Hitting double digits is a milestone for any kid, but it’s particularly special for Renee Seaver and her family. Once told that their daughter likely wouldn’t survive until age one, her parents recently celebrated Renee’s tenth birthday with her. “Renee is the heart and soul of our family,” says her mother, Michelle. “We enjoy every day we have together.”
Michelle and her husband, Billy, knew during her pregnancy that Renee might have some health challenges: She wasn’t processing amniotic fluid properly, and clinicians suspected that she might be born with a rare but serious condition called esophageal atresia with tracheoesophageal fistula (EA/TEF). In this congenital anomaly, the esophagus grows in two separate segments that don’t connect, but does connect abnormally to the trachea (windpipe). This makes it impossible to receive enough nutrition by mouth and increases the chance of aspirating, or inhaling food or liquid into the lungs.
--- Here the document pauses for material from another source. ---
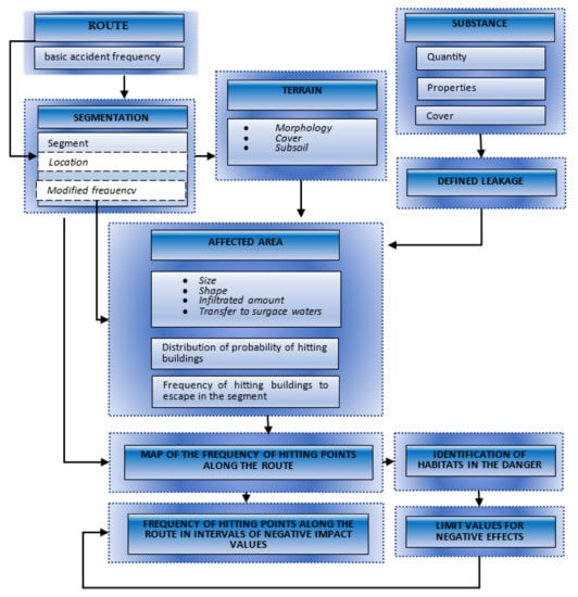 In terms of the article focus, the BIOTRA project, solved in 2008–2011 [33], was a valuable inspiration. Its main goal was to propose a procedure for assessing the impacts of the transport of dangerous goods on natural ecosystems and to create a support tool for selecting a transport alternative with a minimum environmental impact and predicting environmental damage to biotic components near the transport route.

Physicians confirmed this diagnosis soon after Renee’s birth — and within just a few hours, the Seavers found themselves on the telephone, discussing surgical options for their tiny daughter. “Renee was only 12 hours old and we had to trust this voice on the phone explaining what would happen next,” Michelle remembers.
‘No one I trust more’
That voice on the phone belonged to Dr. Russell Jennings, co-director of the Esophageal and Airway Treatment Center at Boston Children’s Hospital, who explained the surgical procedures he would use to repair Renee’s esophagus and airway. The operations were successful, and Dr. Jennings and the team went from being faceless clinicians to an integral part of the Seavers’ lives. “Now, there’s no one I trust more than them,” says Michelle.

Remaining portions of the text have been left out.